Council members also pushed back on the lack of time between the veto session and approval of the budget to address any shortfall. “We will hopefully know before we pass the budget … whether the real estate transfer tax will move forward” and if it doesn’t “we will bring forth an updated revised budget if that is the case,” Park said. The final package is slated to be introduced Nov. 13 for approval Nov. 26.
Some aldermen used the state uncertainty to press for revenue streams that Lightfoot has resisted, including a reinstatement of the corporate head tax on employees and a financial transaction tax.
Legislative sources warn Lightfoot’s agenda faces a tough road and that was underscored this week by a group of state House members from Chicago telling Lightfoot they wouldn't back the real estate transfer tax change without a bigger funding commitment on homelessness initiatives. Gov. J.B. Pritzker’s administration has said “the governor will encourage the General Assembly to give the mayor's proposals their full consideration during the veto session.”
Several aldermen also questioned the prospects for collecting $160 million through improved emergency transport reimbursements under a deal with the state for Medicaid recipients and by raising fees for insurers. Federal approval is also needed. Some also questioned the city’s confidence in achieving the $200 million savings target on its planned $1.3 billion debt restructuring.
FINANCE TEAM’S CASE
The finance team defended the use of one-shots as balanced by even more permanent structural fixes and pointed to the recent S&P bulletin noting as much.
“Clearly one-time solutions are not ideal, but we also have to consider that this is a very large gap,” Bennett said.
Bennett also defended the restructuring in the face of comparisons to past scoop-and-toss practices and acknowledged that the savings level won’t be set until the bonds are sold.
While the plan books the bulk of savings of $200 million in 2020, Bennett said the refinancing won’t “extend maturities or increase debt service in future years” as past restructurings did and the average life of the refunding bonds will remain at 10 years like the bonds being refunded.

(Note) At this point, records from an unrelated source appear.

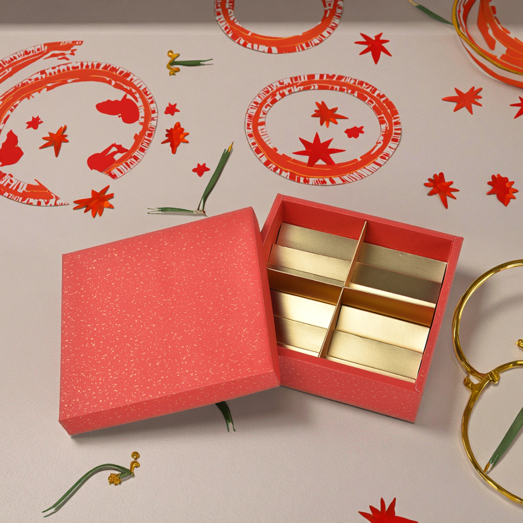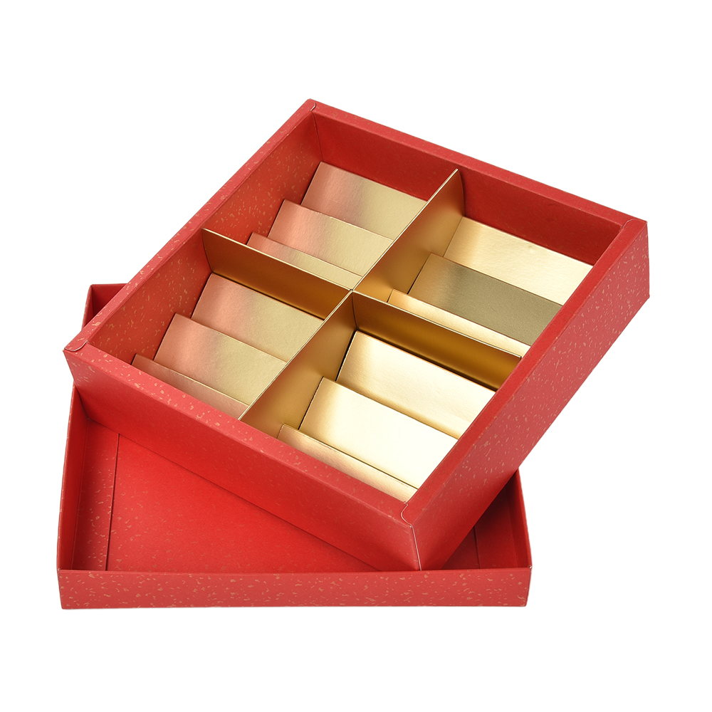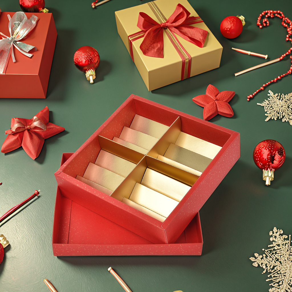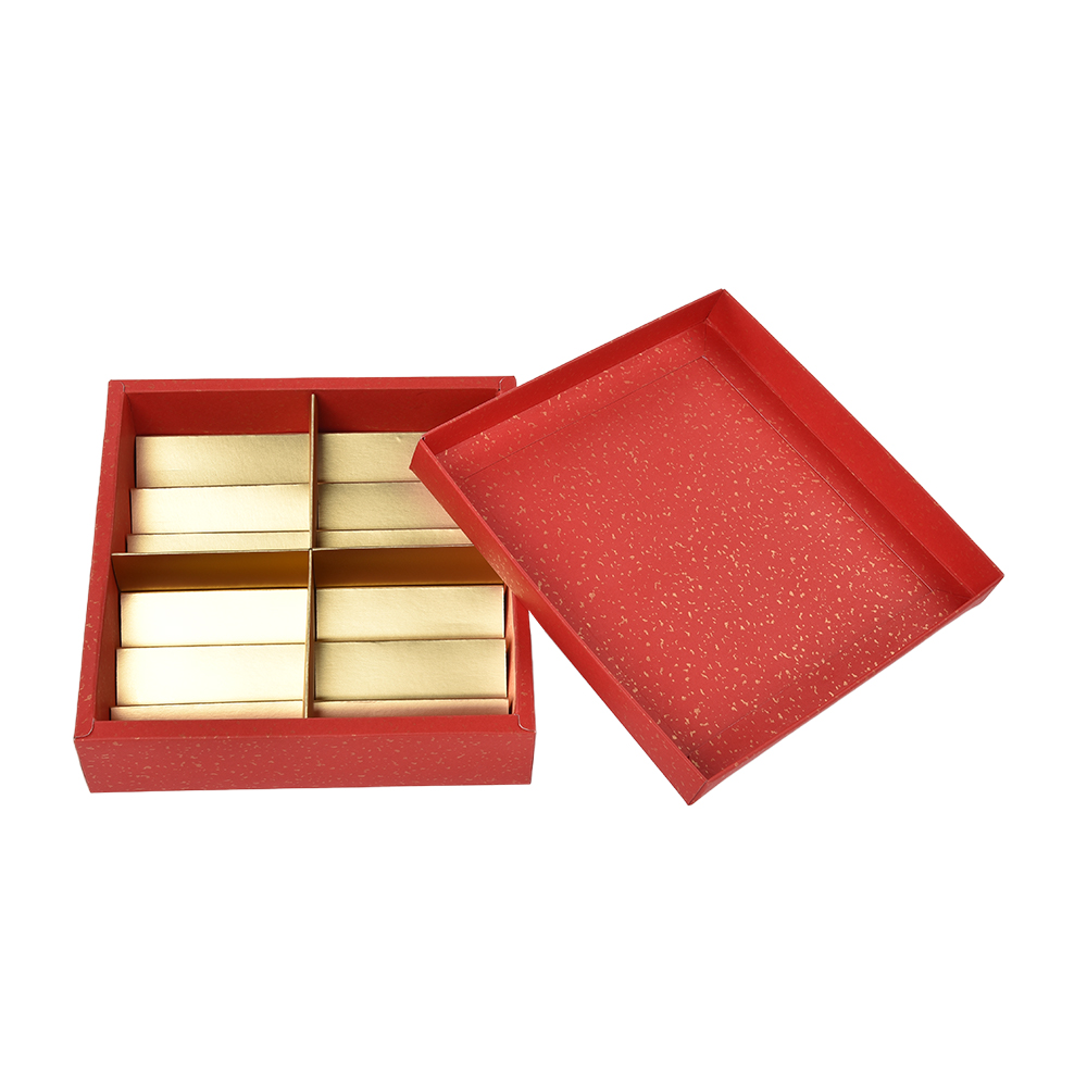 A high-end red square gift box. There is golden grid cardstock inside, specially designed for exquisite small items such as gifts, chocolates and candies. The box body is made of thickened hard cardboard. The surface is covered with a touch film and combined with gilding/embossing processes, presenting a light luxury texture. The interior is divided into four compartments, enhancing the sense of ceremony for storage. It is an ideal choice for festival gifts and brand customization.
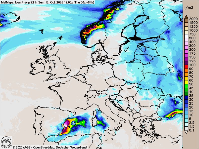 Die Strömungskarte und die Temperaturanomalie am Montagnachmittag sowie die 72-Stunden-Regenmengen bis Sonntagmittag nach Icon:
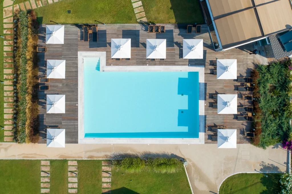 It consists of six luxury suites on the ground floor and six on the upper level, all offering unobstructed views. Directly in front of the suites lies the hotel’s swimming pool and bar, creating an inviting space for relaxation and enjoyment.
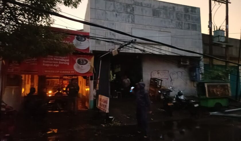 Kawasan Jalan Kranggan juga mati lampu akibat tiang listrik patah saat hujan deras disertai angin kencang tersebut.
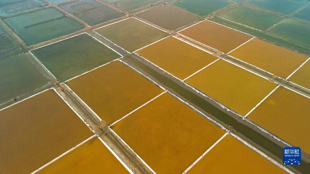 深秋時節,遼寧省營口市老邊區的鹽田色彩斑斕,宛如大地的調色板,美不勝收。
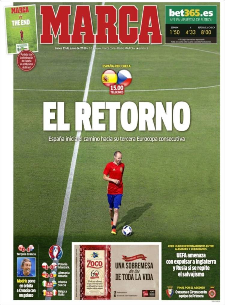 Por otro lado, y ya en el terreno de lo deportivo, hoy vuelve España a la Eurocopa. Marca recoge el asunto de una manera innegablemente brillante.
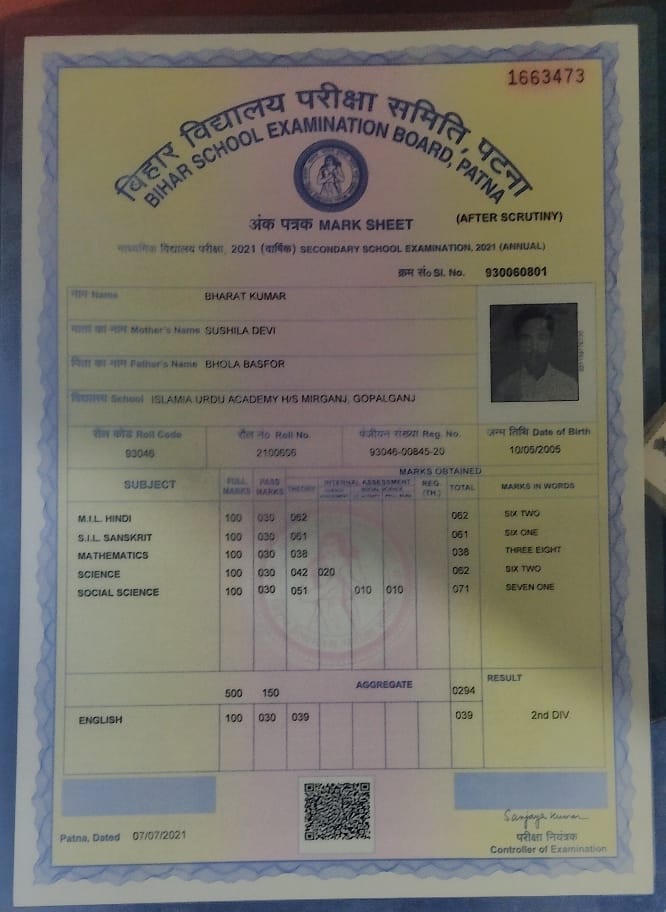 | Exam | Full Marks | Pass Marks | Marks Obtained |

“The way we are able to upfront the savings … is in essence taking the savings that comes from those lower interest rates” so that the city will “keep debt service at or lower than the outstanding debt service we are refunding and in essence have all of those savings restructured up front,” Bennett said.
The bond authorization would be introduced in mid-November and Bennett said in an interview last week the hope is to get into the market late this year or early in 2020.
Based on current rates, the savings exceed $200 million and some savings would be seen in future years, Bennett said. The city would refund existing general obligation and motor fuel tax bonds using both its GO credit and a new Sales Tax Securitization Corp. junior lien.
MMA's Lisa Washburn, a managing director, said a debt service schedule is needed to grasp the details of how the upfront savings are achieved without any type of fiscal maneuvering that may be masked by achieving overall lower interest rates.
Washburn also noted the negative view some market participants have of the city’s use of the Sales Tax Securitization Corp. structure that lockboxes a portion of the sales tax to achieve higher ratings. “The more they do under the structure the more debt they are, in theory, prioritizing STSC creditors over general obligation bond investors and retirees,” Washburn said.
Other budgetary details highlighted during the hearing included the increased authorization to cover judgments of settlements by $80 million to $135 million. The city also clarified that it counted $31 million of the $74 million it will get from its $300 million tax-increment financing surplus toward one-shots being tapped to cut the deficit. That’s because the $31 million represents the amount over what the city booked in 2019.
The city also is seeking reimbursement from CPS for $60 million it has covered in pension contributions for non-teacher CPS employees who participate in the city’s municipal fund.